Many of the provisions of the health care reform bill will not be enacted until 2014. Some immediate effects include:

  • Dependent children will be allowed to remain on their parents’ health insurance up to age 26.
  • Existing insurance plans will be barred from imposing lifetime caps on coverage.
  • Insurers will be prevented from canceling insurance retroactively, except for fraud.

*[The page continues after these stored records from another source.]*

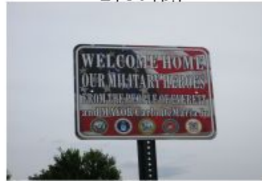
cc 5 Showing our Appreciation.jpg
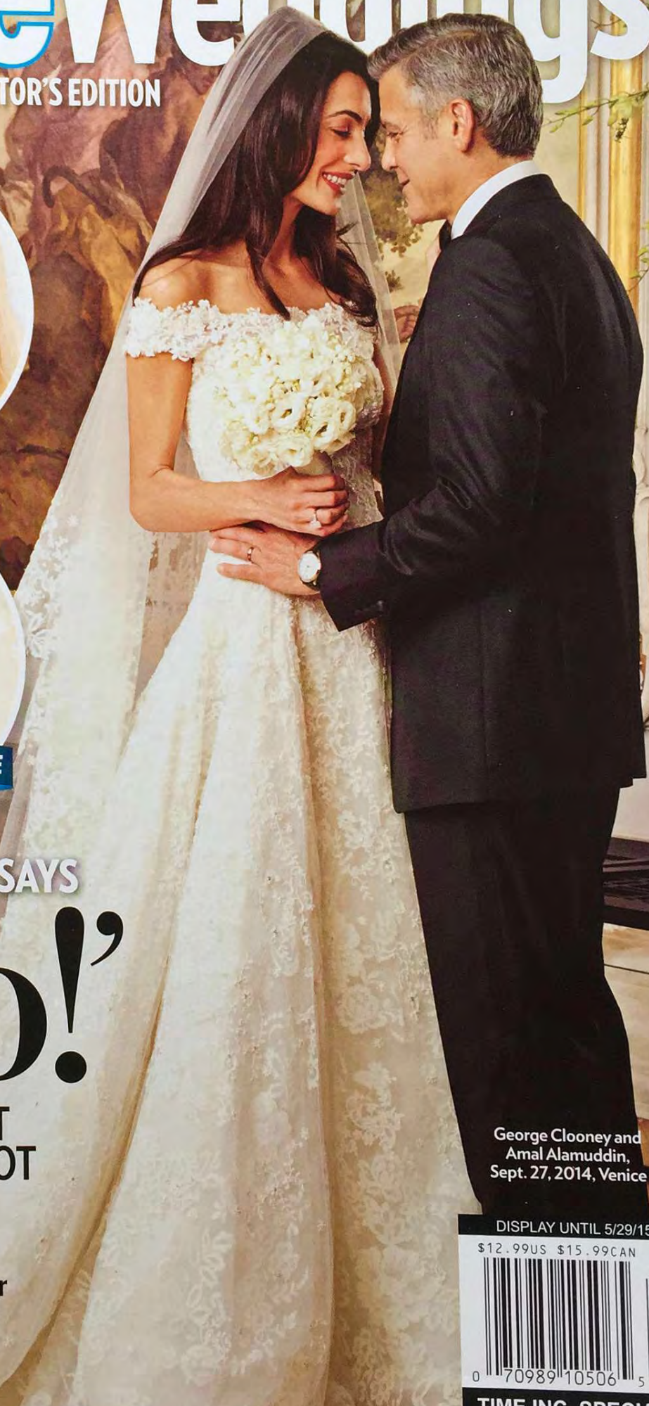
George Clooney and Amal Alamuddin, Sept. 27, 2014, Venice
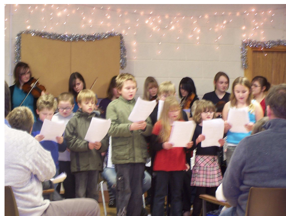
School children singing
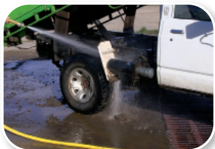
Ensure all vehicles are free of soil and plant material before entering and leaving the farm

To clean vehicles and equipment effectively, use a detergent and degreaser and pay particular attention to tyres, radiator grills, wheel arches, sump guards floor mats and under carriages where seeds and dirt can lodge. If you use high pressure air to clean vehicles and equipment, make sure soil and plant material isn't blown into crops or waterways.
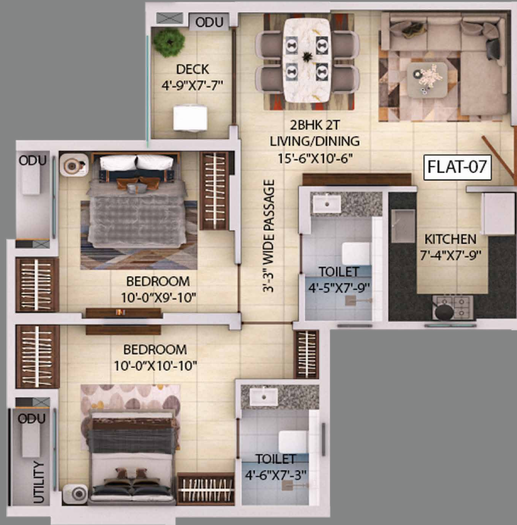
TOWER C - FLAT 7
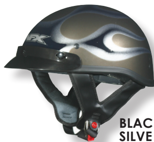
BLACK & SILVER FLAME
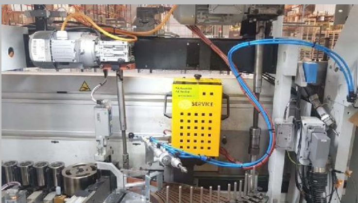
Biesse – after 10 months in use

  • Insurance plans cannot exclude coverage for pre-existing medical conditions for children under age 19.
  • Steps will be taken to fix the “doughnut hole”; in the first year, those who hit the “doughnut hole” will receive a $250 rebate. Next year, the cost of drugs in the “doughnut hole” will go down by 50 percent.
  • Prevention care will be available to Medicare beneficiaries without co-payments or deductibles beginning in 2010.
  • People with medical conditions that make them uninsurable may be able to get coverage through a federally subsidized health insurance program, to be established within 90 days. The legislation limits spending for this program to $5 billion.

Of special interest to the cancer community is the provision of the health care reform bill that will require coverage for routine patient care costs for those with cancer and life-threatening illnesses who are enrolled in clinical trials. The clinical trials coverage provision applies to private insurance plans and the Federal Employees Health Benefits Program.